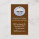 Cartão de visita à moda da padaria feito em marrom e no azul. Os gráficos bonitos de um cupcake do chocolate decoram um disco redondo azul, na parte dianteira, e blocos quadrados, na parte traseira para selos da lealdade do cliente. Personalize todo o texto, parte dianteira e parte traseira, para serir suas necessidades do negócio.
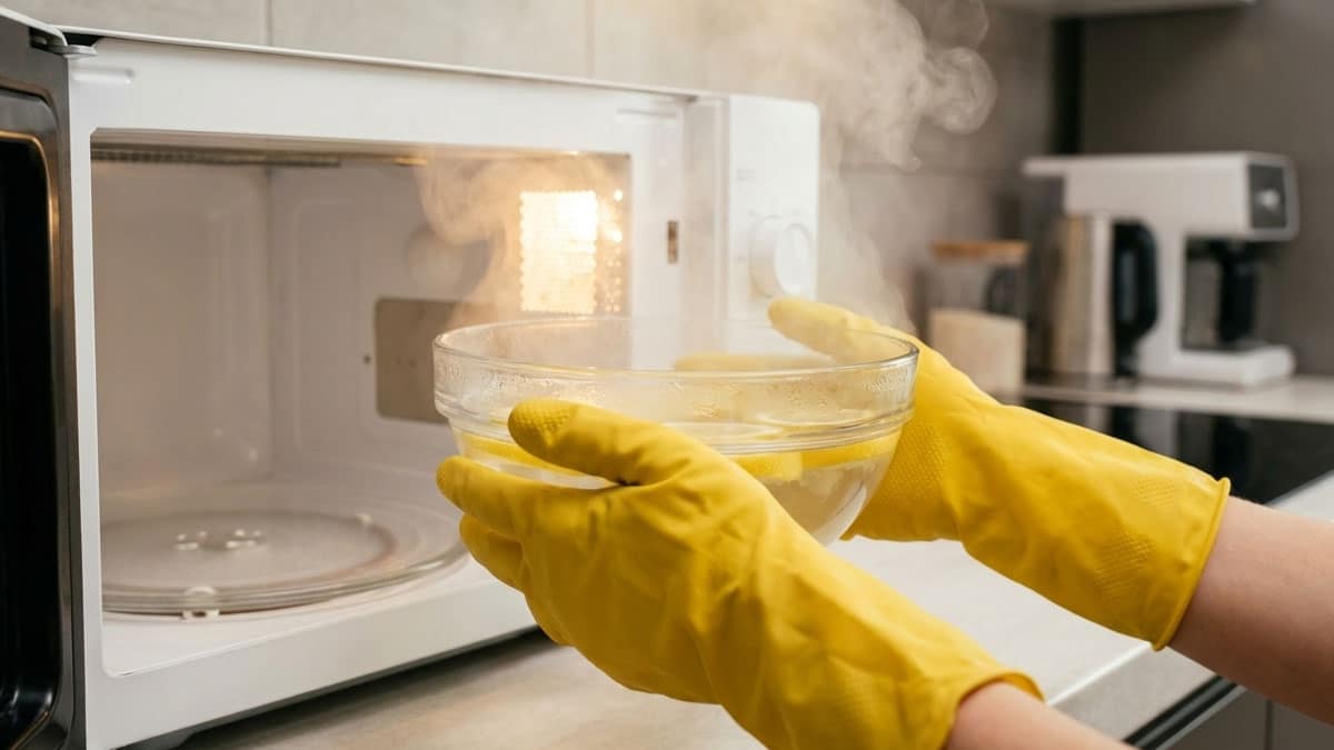 레몬 껍질에 들어 있는 리모넨 성분이 기름을 용해하고, 구연산이 물때를 제거하며, 가열된 수증기가 굳은 때를 불린다. 가열 후 문을 닫고 3~5분 대기하면 스팀 효과가 극대화돼 손쉽게 닦아낼 수 있다.
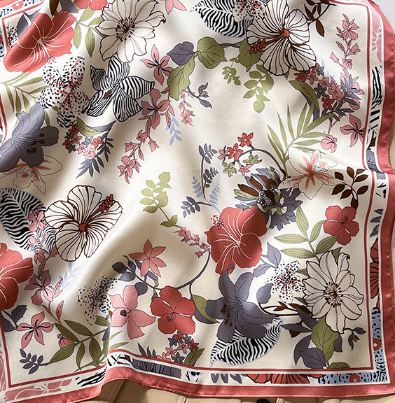 100% Mulberry Silk Square Scarf for Women 53x53cm Fashion Printed Shawl
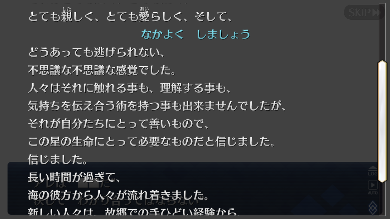・「仲良く(ひとつ)」という表示からするに吸収・融合によって物理的な同一化による和平が最終目的か?(海外から来た人々が怪物性を強調していた。)
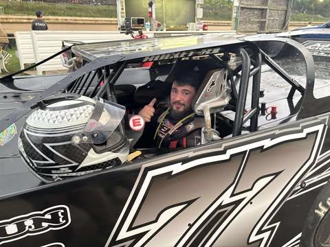 Tom Klein (77), from Rochester, celebrated a milestone moment by scoring his first-ever win in the Rohrich Automotive | Chevy Performance RUSH Late Model feature.
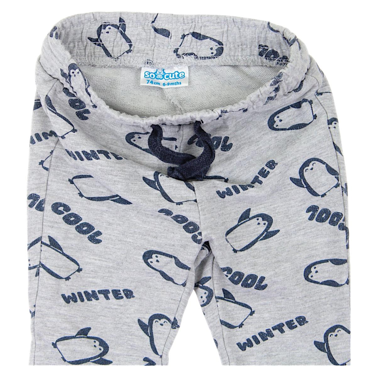 We present gray pants that are perfect for any boy. Made of durable cotton , they provide comfort and freedom of movement. They feature practical pockets for storing small items. An elastic waistband with a drawstring makes them easy to adjust. The fabric features a child-friendly penguin pattern that is sure to appeal to young fashionistas.
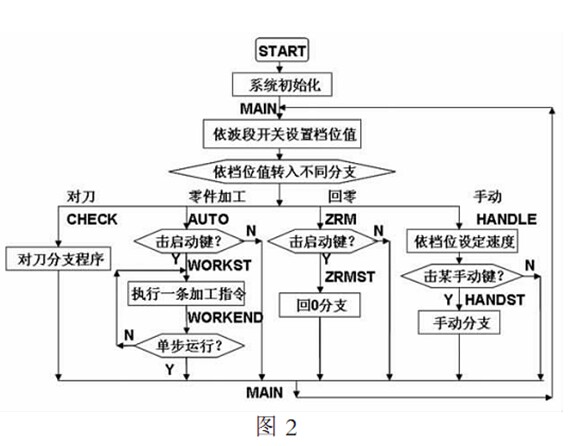 由圖 可見有零件加工 手動 回零 對刀等四個功能程序段 另外還有三段中斷服務程序 控制加工速度的定時器 中斷服務程序 實現暫停功能的外部中斷 中斷服務程序 實現入群的通信程序 串行口中斷服務程序

────────────────

== What you need to do ==
Keep every word of the records above exactly, and return them with no pictures.

== Answer box ==
 Cartão de visita à moda da padaria feito em marrom e no azul. Os gráficos bonitos de um cupcake do chocolate decoram um disco redondo azul, na parte dianteira, e blocos quadrados, na parte traseira para selos da lealdade do cliente. Personalize todo o texto, parte dianteira e parte traseira, para serir suas necessidades do negócio.
 레몬 껍질에 들어 있는 리모넨 성분이 기름을 용해하고, 구연산이 물때를 제거하며, 가열된 수증기가 굳은 때를 불린다. 가열 후 문을 닫고 3~5분 대기하면 스팀 효과가 극대화돼 손쉽게 닦아낼 수 있다.
 100% Mulberry Silk Square Scarf for Women 53x53cm Fashion Printed Shawl
・「仲良く(ひとつ)」という表示からするに吸収・融合によって物理的な同一化による和平が最終目的か?(海外から来た人々が怪物性を強調していた。)
 Tom Klein (77), from Rochester, celebrated a milestone moment by scoring his first-ever win in the Rohrich Automotive | Chevy Performance RUSH Late Model feature.
 We present gray pants that are perfect for any boy. Made of durable cotton , they provide comfort and freedom of movement. They feature practical pockets for storing small items. An elastic waistband with a drawstring makes them easy to adjust. The fabric features a child-friendly penguin pattern that is sure to appeal to young fashionistas.
 由圖 可見有零件加工 手動 回零 對刀等四個功能程序段 另外還有三段中斷服務程序 控制加工速度的定時器 中斷服務程序 實現暫停功能的外部中斷 中斷服務程序 實現入群的通信程序 串行口中斷服務程序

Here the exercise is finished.